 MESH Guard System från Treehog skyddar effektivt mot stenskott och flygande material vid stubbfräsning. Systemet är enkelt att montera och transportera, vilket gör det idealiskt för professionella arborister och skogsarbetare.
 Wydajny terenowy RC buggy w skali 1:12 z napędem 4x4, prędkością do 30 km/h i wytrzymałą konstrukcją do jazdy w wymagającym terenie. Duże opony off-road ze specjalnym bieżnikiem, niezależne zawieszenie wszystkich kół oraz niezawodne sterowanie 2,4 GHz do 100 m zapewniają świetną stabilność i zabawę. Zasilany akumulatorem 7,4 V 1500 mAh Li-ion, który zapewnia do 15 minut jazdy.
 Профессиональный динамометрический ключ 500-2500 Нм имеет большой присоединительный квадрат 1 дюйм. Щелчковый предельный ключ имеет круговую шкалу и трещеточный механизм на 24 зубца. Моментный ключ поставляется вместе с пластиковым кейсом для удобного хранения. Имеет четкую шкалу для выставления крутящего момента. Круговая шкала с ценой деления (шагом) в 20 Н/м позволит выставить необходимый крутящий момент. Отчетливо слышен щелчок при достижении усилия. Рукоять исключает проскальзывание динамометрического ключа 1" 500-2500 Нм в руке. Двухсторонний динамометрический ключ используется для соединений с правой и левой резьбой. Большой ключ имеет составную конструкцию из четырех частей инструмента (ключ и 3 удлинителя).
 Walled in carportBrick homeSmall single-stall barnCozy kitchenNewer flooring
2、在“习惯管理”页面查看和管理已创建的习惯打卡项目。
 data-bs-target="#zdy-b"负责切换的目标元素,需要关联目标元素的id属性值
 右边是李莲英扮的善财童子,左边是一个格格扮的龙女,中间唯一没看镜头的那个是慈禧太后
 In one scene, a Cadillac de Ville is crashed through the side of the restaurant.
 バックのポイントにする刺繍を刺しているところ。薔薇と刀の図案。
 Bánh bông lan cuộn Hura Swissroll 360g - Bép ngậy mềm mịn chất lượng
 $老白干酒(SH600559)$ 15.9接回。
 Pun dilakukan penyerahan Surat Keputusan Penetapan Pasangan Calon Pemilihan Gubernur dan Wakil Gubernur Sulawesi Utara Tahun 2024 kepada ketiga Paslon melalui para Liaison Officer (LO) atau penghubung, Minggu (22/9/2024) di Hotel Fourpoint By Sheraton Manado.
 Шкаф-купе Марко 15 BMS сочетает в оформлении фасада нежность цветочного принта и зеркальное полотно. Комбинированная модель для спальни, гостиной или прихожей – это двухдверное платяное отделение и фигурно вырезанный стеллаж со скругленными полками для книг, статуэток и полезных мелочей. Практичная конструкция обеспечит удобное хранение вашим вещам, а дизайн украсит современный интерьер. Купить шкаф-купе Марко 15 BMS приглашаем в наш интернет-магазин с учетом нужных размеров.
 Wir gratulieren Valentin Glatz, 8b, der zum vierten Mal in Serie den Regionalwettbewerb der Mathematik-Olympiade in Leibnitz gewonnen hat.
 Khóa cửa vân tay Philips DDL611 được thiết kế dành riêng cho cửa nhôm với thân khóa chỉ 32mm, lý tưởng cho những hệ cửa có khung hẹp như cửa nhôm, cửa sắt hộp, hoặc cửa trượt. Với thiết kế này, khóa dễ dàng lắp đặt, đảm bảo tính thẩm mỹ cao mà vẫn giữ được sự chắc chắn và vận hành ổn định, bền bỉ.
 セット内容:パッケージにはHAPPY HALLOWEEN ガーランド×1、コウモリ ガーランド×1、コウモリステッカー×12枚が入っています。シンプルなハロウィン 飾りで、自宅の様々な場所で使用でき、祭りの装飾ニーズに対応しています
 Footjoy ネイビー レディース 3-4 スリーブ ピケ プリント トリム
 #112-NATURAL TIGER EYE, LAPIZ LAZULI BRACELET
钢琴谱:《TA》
· · · · ·
What is needed
Return, word for word, the lines from the one containing "#112-NATURAL TIGER EYE, LAPIZ" through the end of the data above, both ends included, and nothing else.

Response for this exercise
 #112-NATURAL TIGER EYE, LAPIZ LAZULI BRACELET
钢琴谱:《TA》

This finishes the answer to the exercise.